ETCの誤作動は交通事故に直結する危険もあります。 高速道路の料金所でバーが開かなければ、後続車との追突リスクが一気に高まります。これはお金の問題だけでは済みません。
干渉が起きているかどうかは、GPS受信衛星数を確認するだけで判断できます。 ドラレコをONにした状態とOFFにした状態で、レーダー探知機やスマートフォンのGPS情報画面を開いて衛星数を比べてください。
ドラレコONで受信衛星数が3〜4個以下になるなら、干渉が疑われます。 正常な状態では屋外で8〜12個程度の衛星を受信できます。たとえるなら、12本のアンテナが急に3本に減るようなイメージです。
確認方法はシンプルです。
測定はドラレコの電源を入れてから30秒以上待ってから行うのが基本です。 起動直後はGPSの初期取得中のためノイズが大きく出ることがあります。起動直後の数値だけで判断しないようにしましょう。
参考)ドライブレコーダーにGPSは必須?必要性とメリットとは
干渉が確認できたら、以下の3つの方法で対処できます。 費用と手間の少ない順に試していくのがおすすめです。
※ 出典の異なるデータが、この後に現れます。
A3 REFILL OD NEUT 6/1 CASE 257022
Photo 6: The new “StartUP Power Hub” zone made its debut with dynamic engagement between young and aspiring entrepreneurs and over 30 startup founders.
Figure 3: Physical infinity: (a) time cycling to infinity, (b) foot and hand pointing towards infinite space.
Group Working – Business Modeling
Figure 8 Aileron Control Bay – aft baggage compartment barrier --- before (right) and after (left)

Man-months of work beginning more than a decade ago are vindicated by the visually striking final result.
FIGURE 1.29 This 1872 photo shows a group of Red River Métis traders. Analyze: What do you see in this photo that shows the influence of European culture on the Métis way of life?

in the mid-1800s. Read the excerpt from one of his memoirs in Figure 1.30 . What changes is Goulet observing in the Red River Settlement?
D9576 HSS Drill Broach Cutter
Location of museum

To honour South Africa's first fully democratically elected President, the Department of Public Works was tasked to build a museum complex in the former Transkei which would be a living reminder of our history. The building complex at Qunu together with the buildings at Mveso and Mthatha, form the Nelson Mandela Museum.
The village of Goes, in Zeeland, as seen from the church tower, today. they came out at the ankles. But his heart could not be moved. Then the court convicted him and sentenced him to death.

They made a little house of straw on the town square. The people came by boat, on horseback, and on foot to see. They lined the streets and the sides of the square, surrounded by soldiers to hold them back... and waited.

参考)ドラレコが電波干渉を起こす原因と対処法について解説車両管理シ…
① アルミテープで電磁波を遮断する(費用:200〜500円)
ドラレコ本体と配線コードにアルミテープを巻くことで、外部への電磁波放出を抑えられます。 ホームセンターで入手できる黒色アルミテープが見栄えもよくバイクにも向いています。コストは1巻き数百円で済みます。これは試す価値があります。
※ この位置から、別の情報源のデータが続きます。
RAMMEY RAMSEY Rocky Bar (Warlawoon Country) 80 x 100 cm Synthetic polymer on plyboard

テープを巻く際はコネクター部分を避け、本体の外装面全体をなるべく覆うように巻くのがポイントです。 銅テープはアルミよりも電磁波遮断効果が高いとされており、本格的に対策したいならホームセンターの園芸コーナーで手に入ります。
参考)https://blog.goo.ne.jp/nagan_k/e/38c35ccabea05c363278b433a69e4d34
② ノイズフィルターを電源ケーブルに装着する(費用:1,000〜3,000円)
電源ラインを伝わるノイズを根本から断つには、フェライトコア製のノイズフィルターが有効です。 ドラレコの電源ケーブルに数カ所取り付けると効果が高まります。コムテック・セルスターなど国内メーカーのドラレコ対応品を選ぶと安心です。
③ 機器間の設置距離を1m以上確保する(費用:0円〜)
物理的に機器を離すのが最も確実な方法です。 可能であればドラレコのアンテナ部とGPS受信機の距離を1m以上離してください。バイクでは難しいケースもありますが、配線ルートを工夫するだけで20〜30cmの差を生み出せることもあります。
対策の組み合わせが最も効果的です。 ①と②を同時に行うとほとんどのケースで干渉症状が解消されます。
そもそも干渉しにくいドラレコを選べば、後からの対策コストを丸ごとゼロにできます。意外ですね。
ノイズ対策済みのドラレコには「VCCI(Voluntary Control Council for Information Technology Equipment)認証」や「電波法適合」の記載があります。 これはデジタル機器の不要輻射を自主規制する業界基準で、認証品はノイズ放出量が一定値以下に抑えられています。パッケージや仕様書で確認できます。
具体的に選ぶ際のチェックポイントをまとめると以下の通りです。
| チェックポイント | 推奨 | 注意が必要 |
|---|---|---|
| VCCI・電波法認証 | 記載あり | 記載なし(海外格安品に多い) |
| 価格帯 | 1万5,000円以上 | 5,000円未満 |
| メーカー | コムテック・ユピテル・セルスター | 無名の中国ブランド |
| ノイズフィルター内蔵 | あり | なし・記載不明 |
バイク専用モデルを選ぶことも重要です。 バイク専用ドラレコは防水性能だけでなく、振動対策やノイズ遮断設計がされているものが多く、GPSへの干渉リスクが車用流用品より低い傾向があります。
参考)バイク用ドライブレコーダーは導入すべき?クルマ用とどう違う?…
コムテックやユピテルのバイク用モデルは国内の電磁両立性(EMC)基準に準拠した設計になっており、GPS・ETCとの共存実績が多いため信頼性が高いといえます。 最終的な選択では「バイク専用」「VCCI認証」「国内メーカー」の3点が条件です。